Youngsters have weak fingers, remember this on the trigger pull. They also need a very short length of pull, so have a sacrificial stock that you can cut for their length of pull. Eye relief is one heck of an issue for a youngster, set the rifle up for the youngster where they can throw the gun up to the shoulder where they have complete field of view without "hunting" for the cross hair or focus.

We tried the Rossi break opens, two out of 5 were acceptable in accuracy, triggers are a real can of worms, unlike the Thompson Contenders with easily adjustable triggers.

OP, 13-year-olds are not the same in stature and strength in their frames. A less-than-max load will allow them to master the rifle, provided you accommodate their length of pull. We used a load of 36g of IMR 4895 with a Sierra 85g BTHP for deer for this 14-year-old neice, which she shot very well. Her dad shoots right out of the back of his garage, so she shoots often, gaining experience and confidence. We did put a Gentry muzzle break on the rifle, which allowed her to shoot with incredible accuracy.

The first experience with a rifle for a youngster is something they never forget, so make it a good one regarding gun fit, trigger pull, easy target acquisition, and recoil. Two nephews got Model 7's with Gentry muzzle breaks on them in 243 as they got a couple of years older where they could handle the rifle easier, but we did cut the plastic stocks to their length of pull.
My first shot with a centerfire rifle was with my dad's pre-64 M70 in '06, shooting Frankford Arsenal Match Target ball at a soda can about 25 yards away at the country dump in north Louisiana when I was 14. I hit the can with the irons, offhand, but the recoil was stout to this small for his age boy. I fell in love with the roar immediately. Still have that rifle, killed my first deer with it, and still love it to this day.

I agree, something smaller is a better choice for young 'uns to shoot from a rest and for their first deer.

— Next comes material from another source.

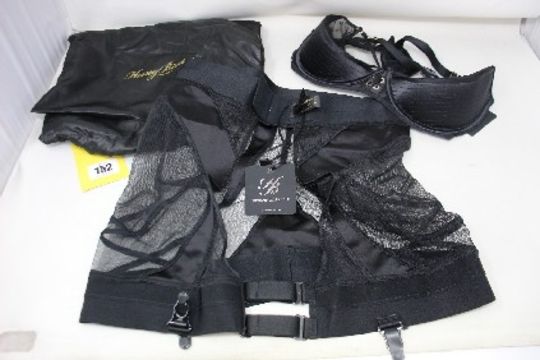 Three as new Honey Birdette Products to include 1x Mila Bra in Black (34DD), 1x Mila Brief in Black (Size M) and 1x Vesna Waspie in Black (Size M).
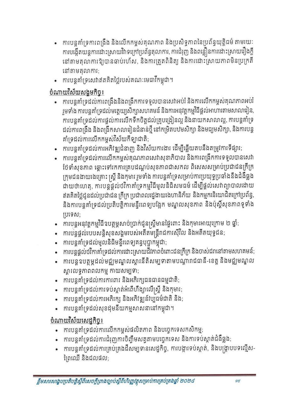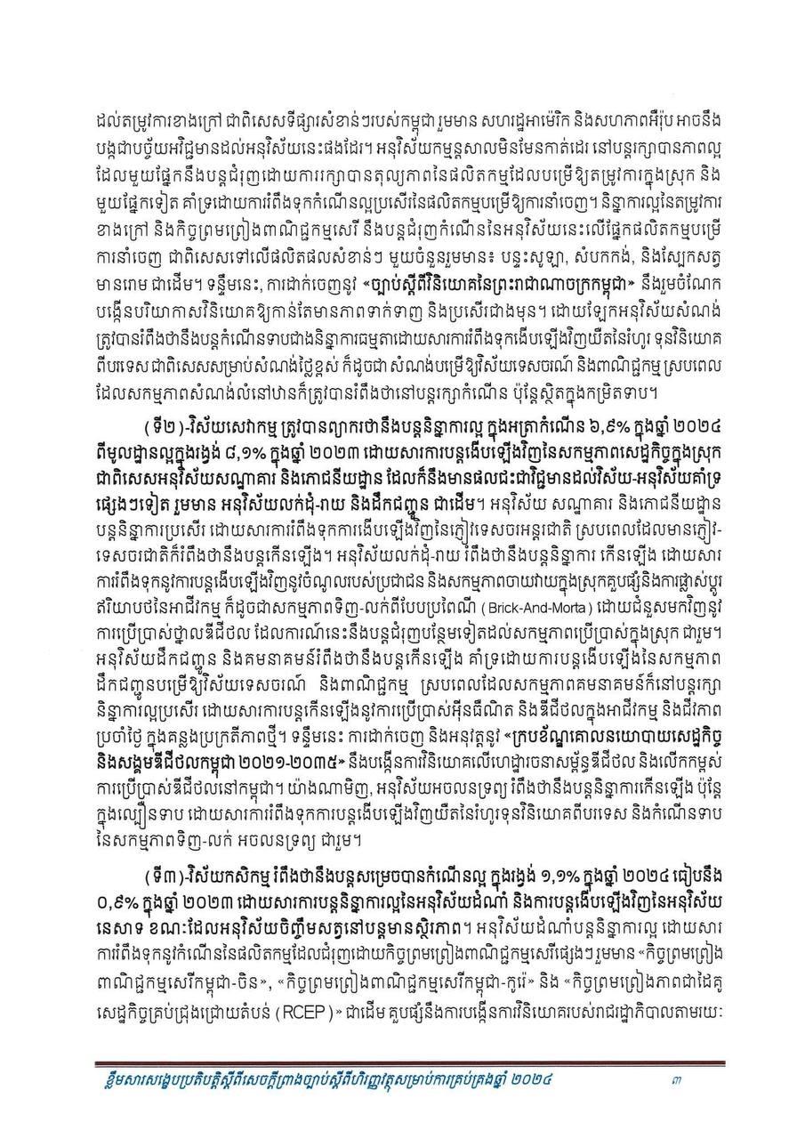 ទី៣៖ វិស័យកសិកម្មរំពឹងថា នឹងបន្តសម្រេចបានកំណើនល្អ ក្នុងរង្វង់ ១,១% ក្នុងឆ្នាំ ២០២៤ ធៀបនឹង ០,៩% ក្នុងឆ្នាំ ២០២៣ ដោយសារការបន្តនិន្នាការល្អនៃអនុវិស័យដំណាំ និងការបន្តងើបឡើងវិញនៃអនុវិស័យ នេសាទ ខណៈដែលអនុវិស័យចិញ្ចឹមសត្វនៅបន្តមានស្ថិរភាព។

But, back in the mid-70s firing an '06 gave a boy bragging rights with his scrawny friends as we swapped stories over the latest issues of Sports Afield, Field & Stream, and Outdoor Life in the school library after lunch on rainy days.
 
I purchased a Ruger Mk II 243 with the pencil 20 inch barrel and the trigger was horrible! 5-6 lbs. Purchased the Timney trigger kit and while it's a little gunsmithing to install it, the pull went down to 2.7 lbs. The little rifle shoots lights out good!! 1 inch groups at 200 yds. Very fun rifle!! I'm shooting factory ammo by Federal with the 95 grain Berger bullets. My daughter is 6 and shoots it off a triclawps cradle and does really well on steel. No bad experience at all with the light barrel or being in accurate. It's a fine rifle!
 
Someone mentioned the matte stainless (Hawkeyes) rusting easily, I see many rifles for sale used that are stained brown w rust???
Some have small rust , I'm going to call them pimples, like small blotches where the rust starts, others have entire action turning brown.

Then reviews of guys in Alaska w saltwater environment saying they hold up great.

Talk about mixed reviews!!!!

I'd go for a blue rifle if the stainless is that lame.

It looks like the early MkII's are polished stainless.
 
I think people mistake 'stain-less' with 'stain-free.' All stainless steel will rust, given enough time and exposure, but stainless is more rust-resistant than chrome moly. Anyone who has a knife made from, say, 5160, will see the blade stain/darken over time... often within 20 to 30 minutes of use! Stainless won't do this, but depending on the type of stainless steel used, it may be more or less susceptible to rust. I have a can of silicone spray and use that along with a silicone cloth to wipe off all of my stainless rifles and haven't had a problem. If I were going to a constantly rainy area to hunt, I'd break out the paste wax, pull the action and bottom metal from the stock, and give everything a good polished wax job. Having grown up in the Gulf South surrounded by swamp and marsh, I also use RIG grease on all of my blued firearms.